Work required
Look in the data below for the line that has "Embrace the feel", then print exactly every line from there through the line that has "前菜の盛り合わせからはじまり", leaving pictures out.
*** Opening of Given records ***
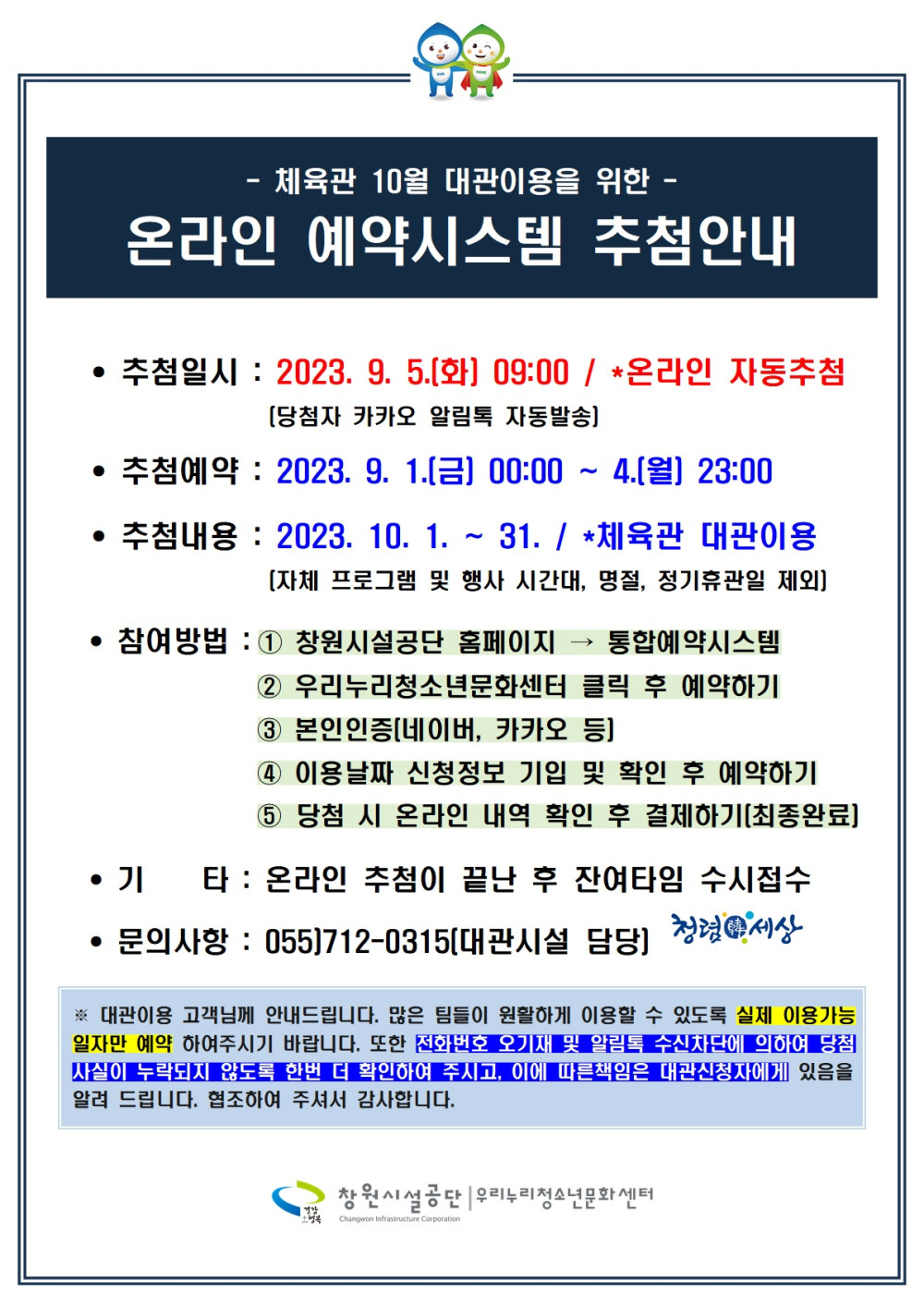 9월 체육관 대관 온라인 추첨(23.10월 이용분) 및 수시접수 안내
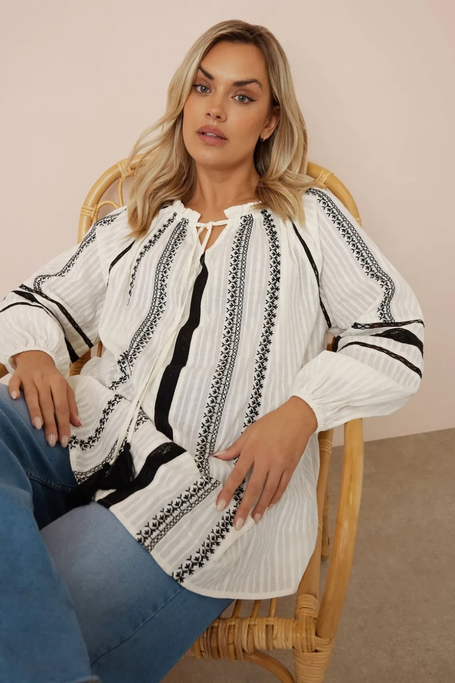 Embrace the feel of spring-summer with this embroidered contrast tie neck blouse. Made from a soft cotton fabric, it features long sleeves, tassel details and a tie neck feature. Pair with jeans and sandals for an everyday look you will love. Model is 5′ 9.5″ / 176.53 cm and size UK 16/EU 44.
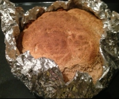 Ich wickel das Brot nicht ein, sondern decke es nach Gefühl mit Alufolie ab.
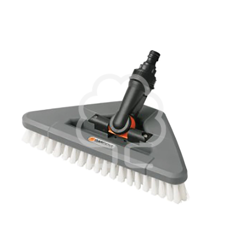 Può essere ruotato di 360°. Lo spazzolone snodato a setole dure può essere regolato in modo flessibile per un facile impiego in qualsiasi angolo. Può essere utilizzato con tutti i manici ad acqua Original GARDENA Cleansystem (art. 5552-20, 5550-20, 5554-20).
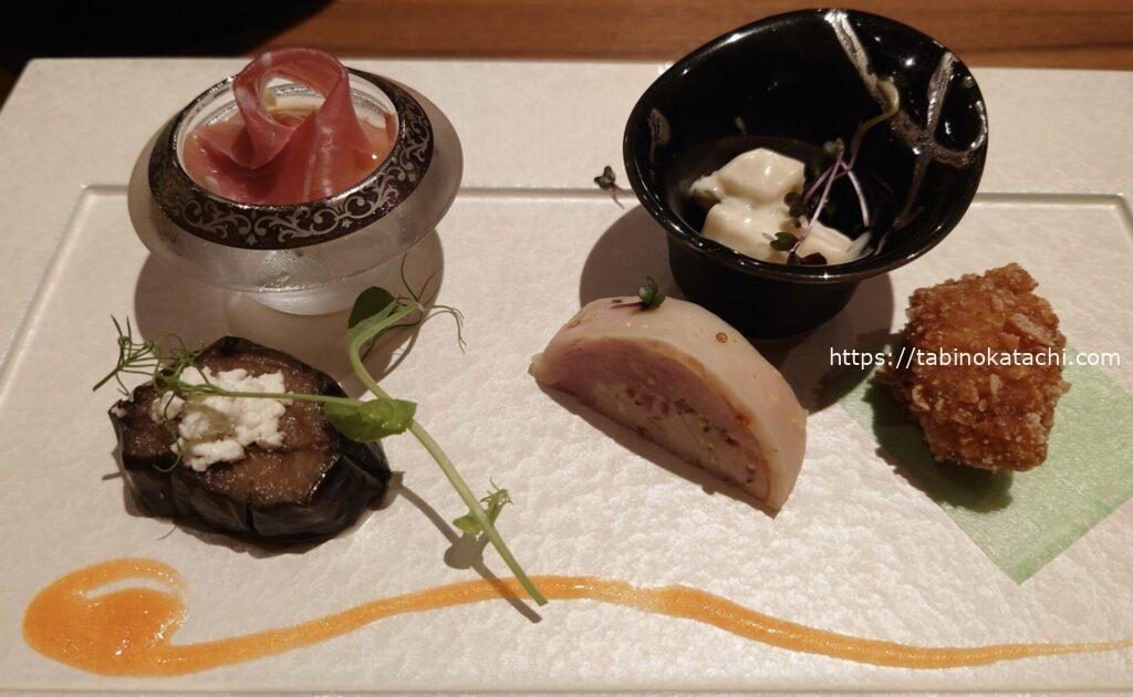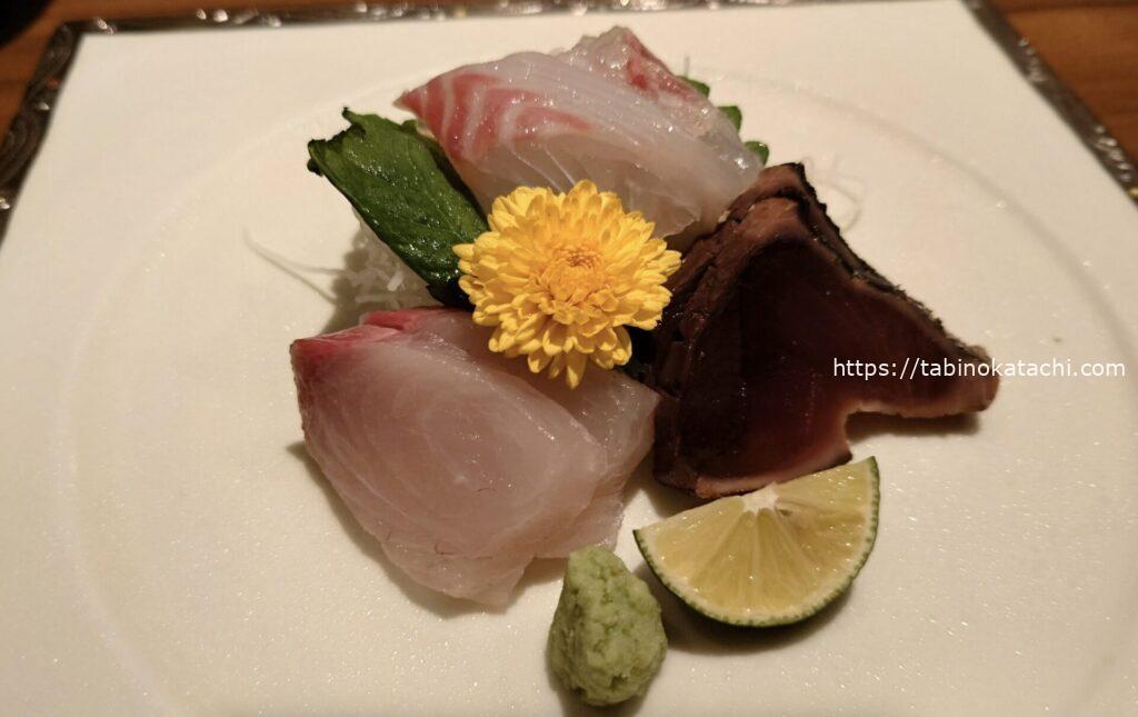 前菜の盛り合わせからはじまり、近海でとれたお魚のお刺身、秋鱧のしゃぶしゃぶ、牛フィレ肉のローストと、淡路島とその近隣の食材を美味しくいただきました。
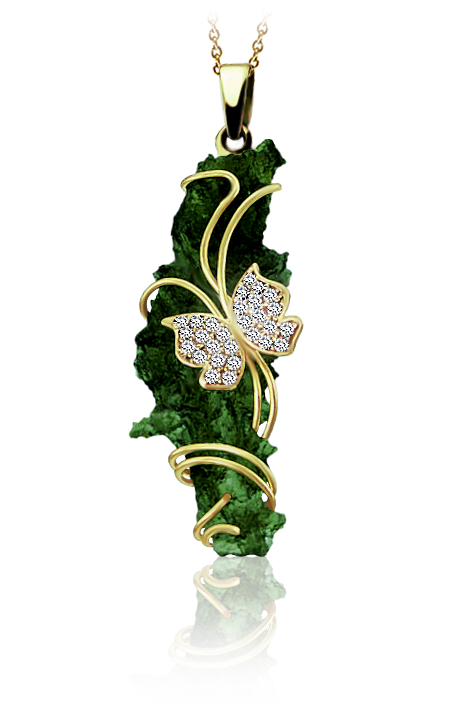 Přívěsek s vltavínem ve žlutém zlatě. Na vltavínu je zlatý motýl se zirkony. Motiv na vltavínu můžete změnit (srdíčko,delfín,kolečko). Vyrábíme ze třech materiálu, žluté zlato, bílé zlato a stříbro. Cena stříbrného přívěsku je odvozena od ceny vltavínu.
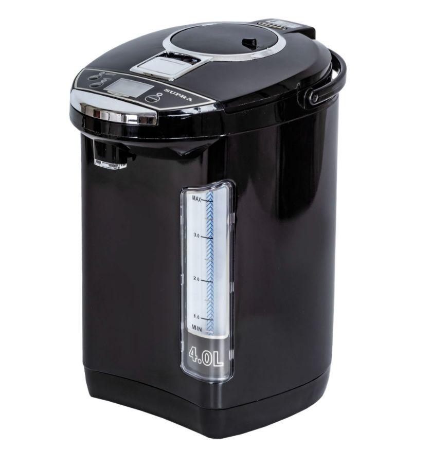 SUPRA TPS-4911 Основные характеристики Объем, л 4 Тип управления электронное Электрический насос есть Механический насос есть Подача воды нажатием чашки есть Поворотное основание есть Функции Кипячение есть Повторное кипячение есть Поддержание температуры есть Выбор температуры есть Индикация Дисплей LCD Индикатор уровня воды есть Комплектация Комплектация термопот, гарантийный талон, инструкция на русском языке Корпус Материал внутренней камеры нержавеющая сталь Энергопотребление Потребляемая мощность, Вт. 800 Мощность в режиме поддержания температуры, Вт 70 Электропитание, в 220-240
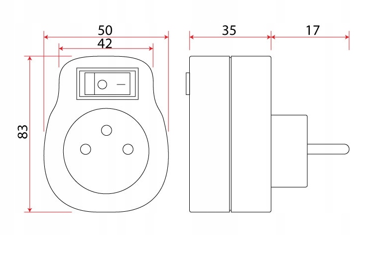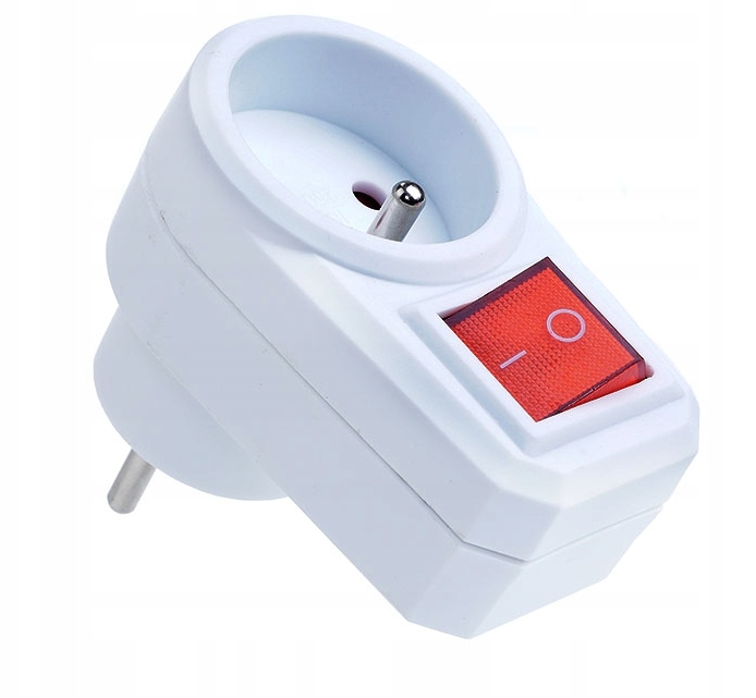 Rozgałęźnik sieciowy, pojedynczy z uziemieniem i przełącznikiem.
*** Close of Given records ***
Your solution
 Embrace the feel of spring-summer with this embroidered contrast tie neck blouse. Made from a soft cotton fabric, it features long sleeves, tassel details and a tie neck feature. Pair with jeans and sandals for an everyday look you will love. Model is 5′ 9.5″ / 176.53 cm and size UK 16/EU 44.
 Ich wickel das Brot nicht ein, sondern decke es nach Gefühl mit Alufolie ab.
 Può essere ruotato di 360°. Lo spazzolone snodato a setole dure può essere regolato in modo flessibile per un facile impiego in qualsiasi angolo. Può essere utilizzato con tutti i manici ad acqua Original GARDENA Cleansystem (art. 5552-20, 5550-20, 5554-20).
 前菜の盛り合わせからはじまり、近海でとれたお魚のお刺身、秋鱧のしゃぶしゃぶ、牛フィレ肉のローストと、淡路島とその近隣の食材を美味しくいただきました。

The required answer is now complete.